Menelisik Pengelolaan Uang Negara dan Pendirian Danantara

Tumpukan uang di ruang penyimpanan uang BNI, Jakarta, Senin (2/11/2015). Lembaga Penjamin Simpanan (LPS) mencatat jumlah rekening simpanan dengan nilai di atas Rp2 M pada bulan September mengalami peningkatan . (Liputan6.com/Angga Yuniar)

Dewan Perwakilan Rakyat (DPR) telah mengesahkan perubahan ketiga atas Undang-Undang Nomor 19 Tahun 2003 tentang Badan Usaha Milik Negara (BUMN) dalam rapat paripurna pada 4 Februari 2025.

Perubahan ini awalnya diketahui publik sebagai landasan hukum bagi pembentukan Badan Pengelola Investasi Daya Anagata Nusantara (BPI Danantara). Namun, ada hal lain yang menjadi sorotan yaiitu definisi baru tentang uang negara yang dipisahkan.

"Definisi ini mengubah konsep yang selama ini berlaku. Uang negara yang dipisahkan dalam konteks UU BUMN baru ini tidak lagi diaudit oleh Badan Pemeriksa Keuangan (BPK) dan tidak dapat ditindak aparat hukum jika terjadi penyimpangan yang berpotensi merugikan negara," kata Sekretaris Pendiri Indonesian Audit Watch (IAW) Iskandar Sitorus dikutip Minggu (23/2/2025).

Menurut Iskandar, dalam konteks keuangan negara dan hukum, ada beberapa istilah yang bisa menggambarkan fenomena ini:

  1. Uang negara yang dikaburkan statusnya – Dana yang awalnya berasal dari keuangan negara tetapi kemudian ditempatkan dalam mekanisme yang membuatnya sulit diperiksa atau diawasi.
  2. Uang negara yang dikonversi – Dana negara dialihkan ke mekanisme tertentu sehingga tidak lagi tunduk pada pengawasan keuangan negara.
  3. Dana semi-privatisasi – Uang negara yang dipisahkan dalam bentuk dana khusus atau perusahaan yang dikelola swasta, tetapi tetap terkait dengan kepentingan negara.
  4. Shadow Funds (Dana Bayangan) – Dana yang secara administratif dan hukum tidak lagi dianggap sebagai keuangan negara meskipun berasal dari negara.
  5. Dana non-audit (Unaccountable Fund) – Dana negara yang dipisahkan sehingga tidak lagi dapat diaudit oleh BPK atau diawasi aparat hukum.
  6. Uang negara yang didelegitimasi – Dana negara yang sengaja dipindahkan ke mekanisme tertentu sehingga kehilangan statusnya sebagai bagian dari keuangan negara.
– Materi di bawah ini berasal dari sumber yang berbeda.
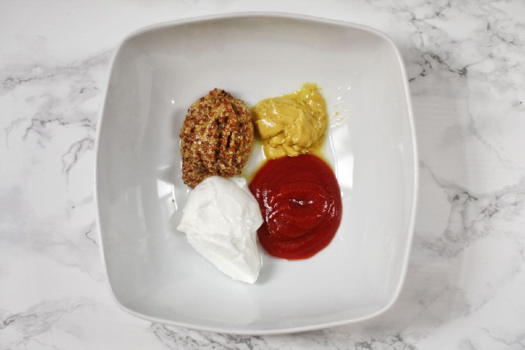 Necesitamos un recipiente hondo que nos permita batir los ingredientes para que queden bien integrados. En él pondremos el yogur griego, el ketchup y las dos mostazas. Para mezclarlos se puede usar una cuchara o un batidor y es importante que guardemos esta salsa en la nevera hasta el momento de servirla.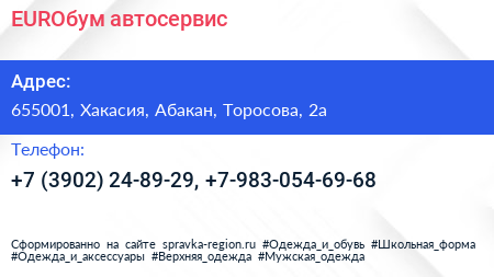 EUROбум, автосервис по адресу 655001, Хакасия, Абакан, Торосова, 2а в дальнейшем Организация, размещена в следующих категориях: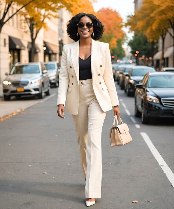 Ditching traditional plain white shirts for ones with subtle textures is a small but powerful change that can make a big difference in your overall look. Textured fabrics add a layer of depth that flatters various body types and draws the eye in a positive way. Pairing a textured button-up with tailored trousers strikes that perfect balance between polished and relaxed. Not only does the added visual interest keep the ensemble engaging, but it also enhances your personal style without resorting to loud patterns. Finish the look with sophisticated loafers and a stylish handbag to ensure you’re chic yet comfortable, effortlessly blending elegance with everyday practicality.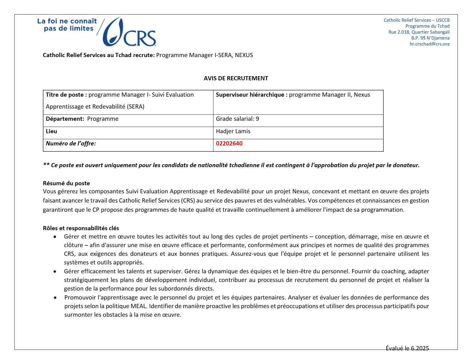 Poste : Programme Manager I- Suivi Evaluation Apprentissage et Redevabilité (SERA)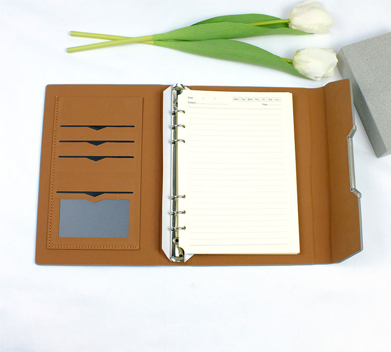 – Có ngăn đựng card visit, thẻ visa, còng 6 lỗ inox 1.5cm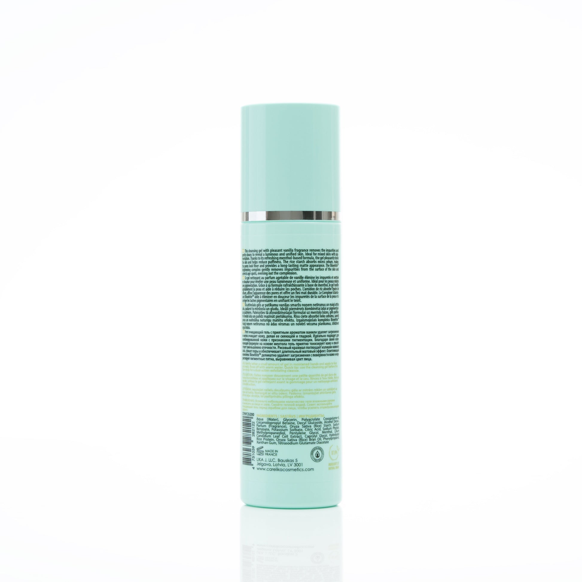 Zainspirowany tradycyjnymi właściwościami skrobi ryżowej, która zapewnia efekt oczyszczający, żel Carelika Face Cleansing Gel with Rice został opracowany jako żel oczyszczający. Żel jest odpowiedni do cery mieszanej. Wzbogacony orzeźwiającym mentolem, orzeźwia, usuwając zanieczyszczenia i matowość twarzy, zapewniając natychmiastowe odświeżenie. Skrobia ryżowa w magiczny sposób pochłania nadmiar sebum i pomaga utrzymać matowy wygląd przez długi czas. Natychmiast nadaje skórze promienny wygląd i jednolity koloryt. Ponadto odblokowuje pory, zwęża je i reguluje wydzielanie sebum.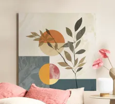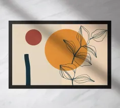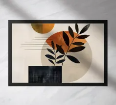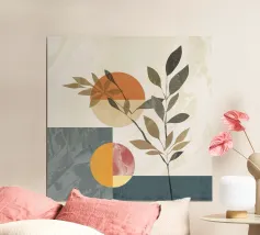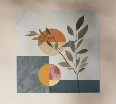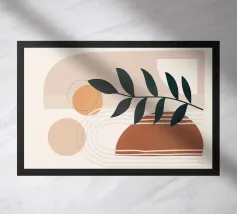 gemarmerde geometrische elementen met botanische compositie, modern en actueel ontwerp, minimalisme met stijl, geschikt voor alle woon- en werkomgevingen, uitstekend geschikt als interieurdecoratie en interieurontwerp op elk product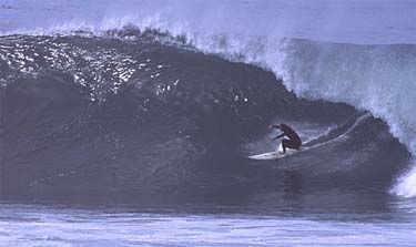 Friday the swell peaked, solid six-to-eight with plenty of outside sets over that. Friday just happened to be my birthday, not saying what the number is but it requires a calculator for me to figure it out. I had a great time, the sun shone, then a bit of fog rolled in. I surfed a break that handles rights at high water for about two hours, must have scored dozens of waves. Finally, tired, I started planning how to get in, not a small thing when you're bone tired and the tide is high and the sand is gone and there are only rocks lining the shore. I should have just turned and paddled in, but, a la Shaun Tomson and his book, the SURFER'S CODE, I decided to wait for a good one to ride on in. Well, I got my rear end caught inside. Since I was riding a small gun, a rather heavy 7'6", I have a hard time duck diving under a ten-footer. Especially when exhausted. I just tossed my board to one side, since no other surfer was near, and dove under the lip--which looked something like the photo above.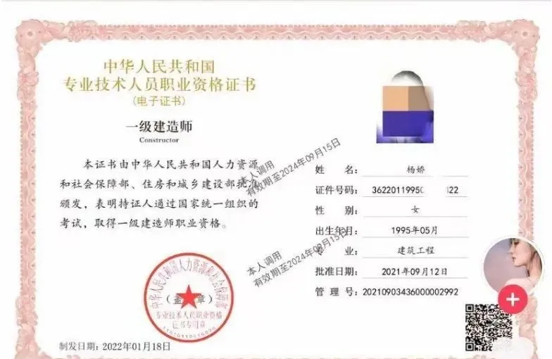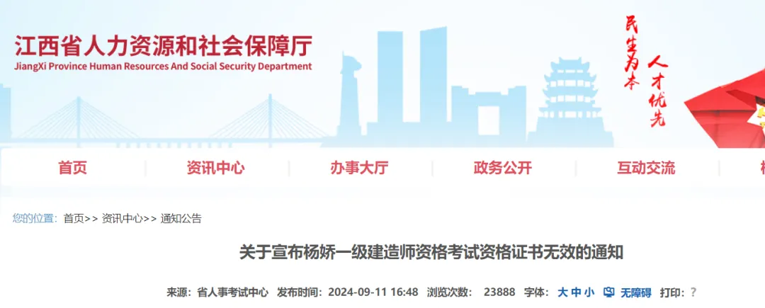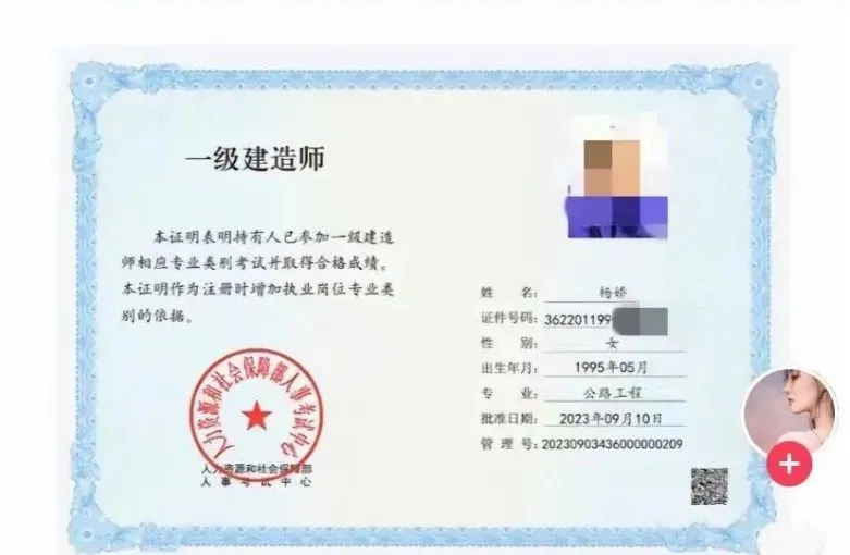 2024年9月,江西省人社厅发布一则官方通知,宣布考生杨娇因提供虚假证明材料,所取得的一级建造师资格证书(建筑专业)以及市政、公路增项证书全部作废!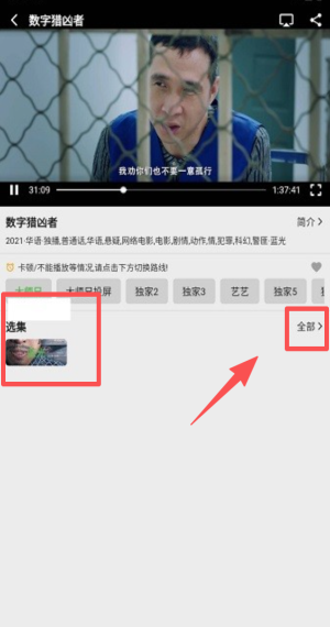 4、换影片如《数字猎凶者》遇卡,再点下方家1家2线路即可恢复。

    Iskandar Sitorus menilai bahwa jika ada upaya untuk menghindari pemeriksaan atau pengawasan terhadap kekayaan negara yang dipisahkan, hal tersebut berpotensi menjadi pelanggaran hukum dan masuk dalam kategori tindak pidana korupsi. Lebih jauh lagi, praktik ini bisa dikategorikan sebagai fraud keuangan negara, pencucian uang (money laundering), atau penggelapan keuangan negara (embezzlement).

    Oleh karena itu, IAW menyerukan agar Presiden Prabowo Subianto tidak hanya meninjau ulang BPI Danantara, tetapi juga revisi definisi uang negara dalam UU BUMN. Transparansi dan akuntabilitas dalam pengelolaan kekayaan negara adalah hal yang krusial untuk mencegah praktik-praktik yang dapat merugikan negara.

    Iskandar meyakini bahwa Presiden Prabowo mampu mengantisipasi upaya yang bertujuan mengaburkan status uang negara. Ia mengingatkan bahwa jika pemerintah membiarkan praktik semacam ini terjadi, maka hal tersebut dapat menjadi celah bagi oknum tertentu untuk menyalahgunakan keuangan negara dan merusak kredibilitas pemerintahan.

    Sebagai langkah antisipasi, pola transparansi dan akuntabilitas dalam pengelolaan kekayaan negara harus diperkuat. Jika tidak, kebijakan ini justru akan menjadi pintu masuk bagi berbagai praktik korupsi dan penyalahgunaan kekayaan negara yang seharusnya diawasi secara ketat oleh lembaga negara seperti BPK dan aparat hukum lainnya.